(Beginning of MATERIAL FOR THIS TASK)

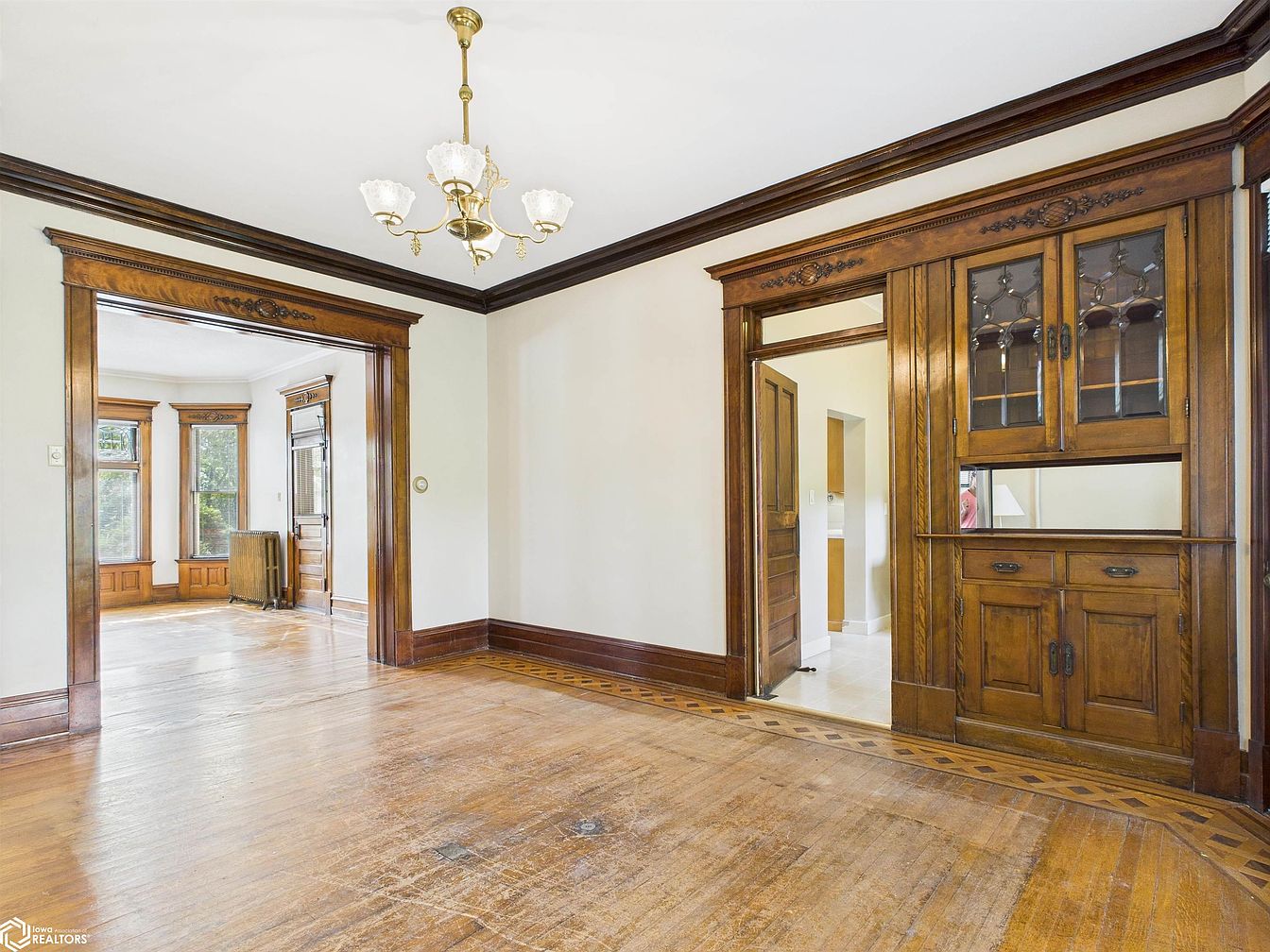 Warmth radiates from this classic dining room, defined by rich, hardwood floors with charming inlaid borders and impressive, craftsman-style built-in cabinetry. The natural wood trim extends gracefully around doorways and along the crown molding, offering a sense of timeless elegance and durability ideal for family gatherings. An ornate brass chandelier lends a touch of vintage sophistication, while wide double doors open seamlessly to an adjoining sunlit living area. Ample natural light streams through tall bay windows, highlighting original millwork and creating an inviting space perfect for meals, conversation, and making lasting memories with loved ones.
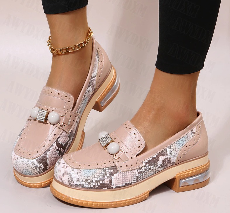 Mocassini alti da donna con stampa in pelle di serpente
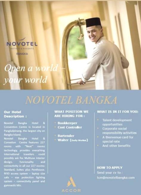 Bookkeeper,Cost Control,bartender,WAiter/daily worker @Novotel Bangka
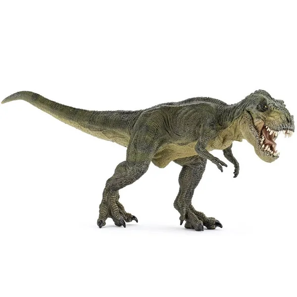 Le Tyrannosaure vécu il y a environ 70 millions d’années et figure parmi les plus grands dinosaures carnivores. Son nom signifie Roi des reptiles tyrans . Avec un corps gigantesque de près de 12 m de long et des dents pouvant mesurer jusqu’à 20 cm, ce bipède pourvu de tous petits bras pouvait dépasser les 6 mètres de haut et peser plus de 6 tonnes. D’un grand réalisme, le modèle reproduit par PAPO permet d’admirer la puissante musculature du T-Rex. L’articulation de la mâchoire met en avant la dentition impressionnante du prédateur !
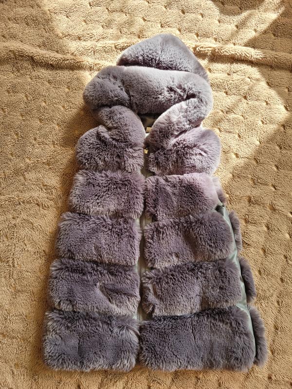 жилетка с меха на возраст от 7 лет до 10 лет. очень хорошее состояние. одевалась буквально 4 раза. Размеры: длина от плеча 66 см. ширина груди 32 см. ширина. ширина талия 47см.
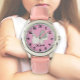 Kinderuhr aus Edelstahl mit rosa Lederarmband
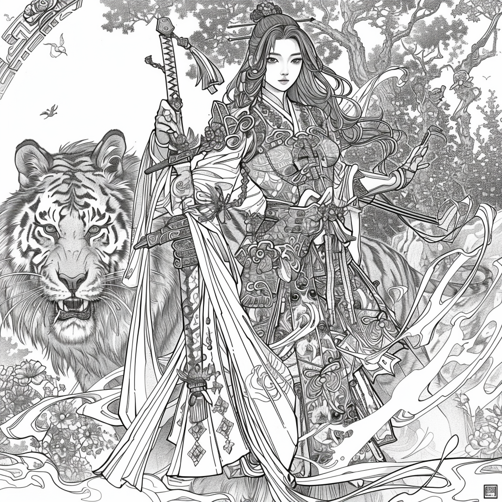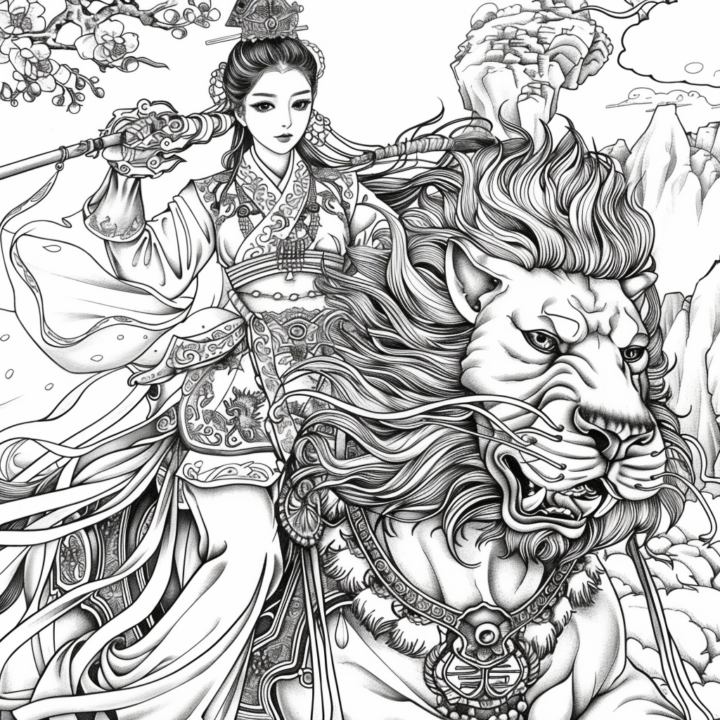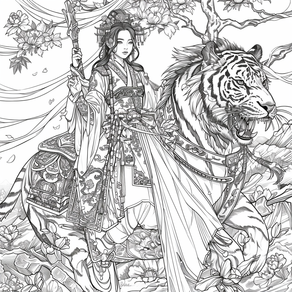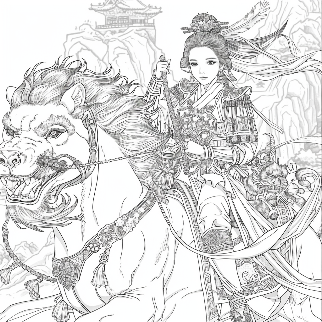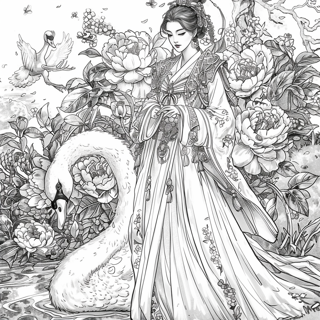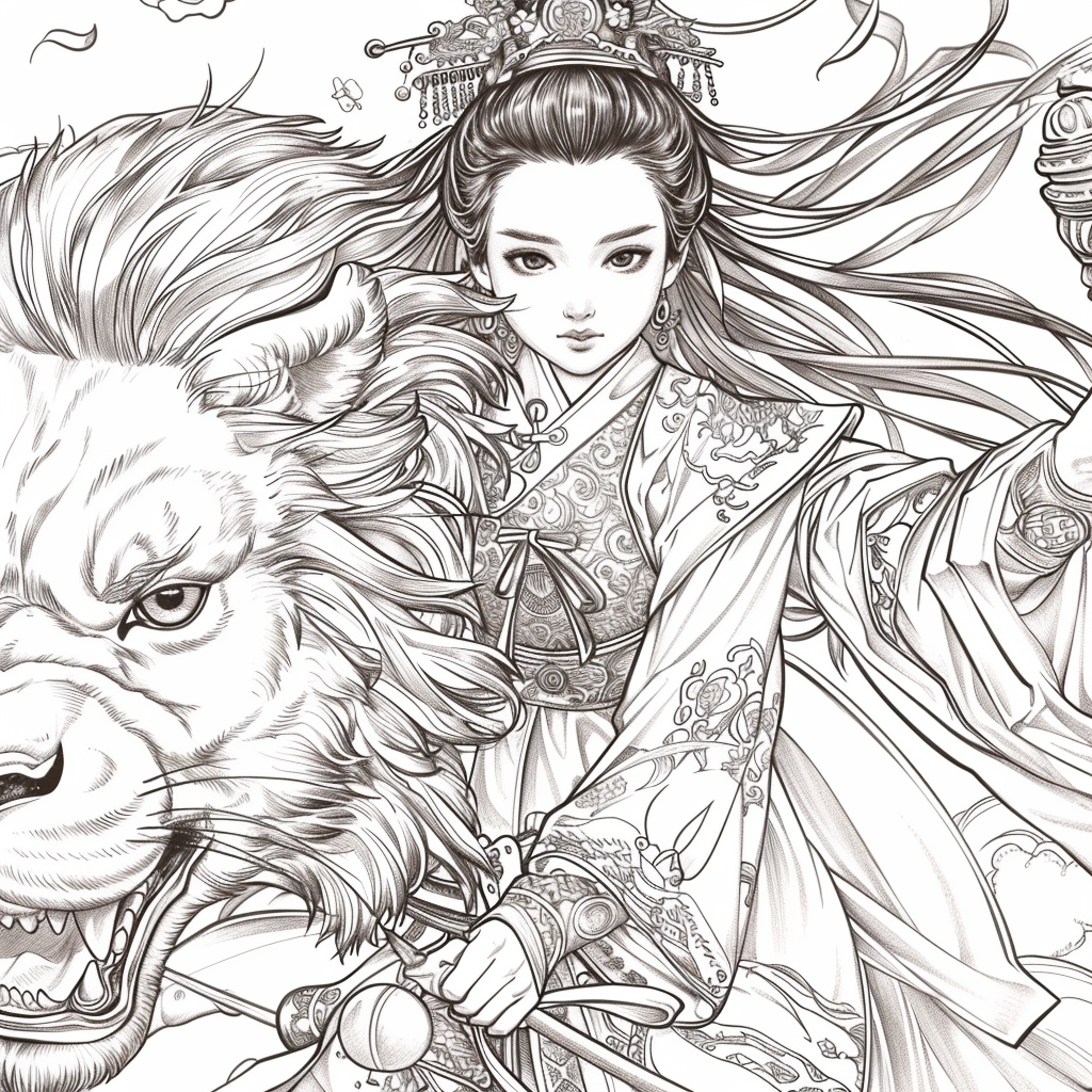 A radiant empress stands gracefully before a grand Joseon-era palace, her robe cascading in luminous waves of rainbow hues. The hanbok is richly adorned with intricate patterns of phoenixes, peonies, waves, and ancient symbols, blending natural forces with royal iconography. Behind her, the palace soars into dreamy clouds and blooming skies, evoking a timeless fantasy of cultural majesty. She embodies harmony, strength, and the spirit of Korea’s golden heritage, uniting architecture, tradition, and nature in one breathtaking tableau.

(End of MATERIAL FOR THIS TASK)

**HOW TO COMPLETE THIS TASK:**
What is needed is an exact copy of the records above, with no pictures in it.

**RESULT:**
 Warmth radiates from this classic dining room, defined by rich, hardwood floors with charming inlaid borders and impressive, craftsman-style built-in cabinetry. The natural wood trim extends gracefully around doorways and along the crown molding, offering a sense of timeless elegance and durability ideal for family gatherings. An ornate brass chandelier lends a touch of vintage sophistication, while wide double doors open seamlessly to an adjoining sunlit living area. Ample natural light streams through tall bay windows, highlighting original millwork and creating an inviting space perfect for meals, conversation, and making lasting memories with loved ones.
 Mocassini alti da donna con stampa in pelle di serpente
 Bookkeeper,Cost Control,bartender,WAiter/daily worker @Novotel Bangka
 Le Tyrannosaure vécu il y a environ 70 millions d’années et figure parmi les plus grands dinosaures carnivores. Son nom signifie Roi des reptiles tyrans . Avec un corps gigantesque de près de 12 m de long et des dents pouvant mesurer jusqu’à 20 cm, ce bipède pourvu de tous petits bras pouvait dépasser les 6 mètres de haut et peser plus de 6 tonnes. D’un grand réalisme, le modèle reproduit par PAPO permet d’admirer la puissante musculature du T-Rex. L’articulation de la mâchoire met en avant la dentition impressionnante du prédateur !
 жилетка с меха на возраст от 7 лет до 10 лет. очень хорошее состояние. одевалась буквально 4 раза. Размеры: длина от плеча 66 см. ширина груди 32 см. ширина. ширина талия 47см.
 Kinderuhr aus Edelstahl mit rosa Lederarmband
 A radiant empress stands gracefully before a grand Joseon-era palace, her robe cascading in luminous waves of rainbow hues. The hanbok is richly adorned with intricate patterns of phoenixes, peonies, waves, and ancient symbols, blending natural forces with royal iconography. Behind her, the palace soars into dreamy clouds and blooming skies, evoking a timeless fantasy of cultural majesty. She embodies harmony, strength, and the spirit of Korea’s golden heritage, uniting architecture, tradition, and nature in one breathtaking tableau.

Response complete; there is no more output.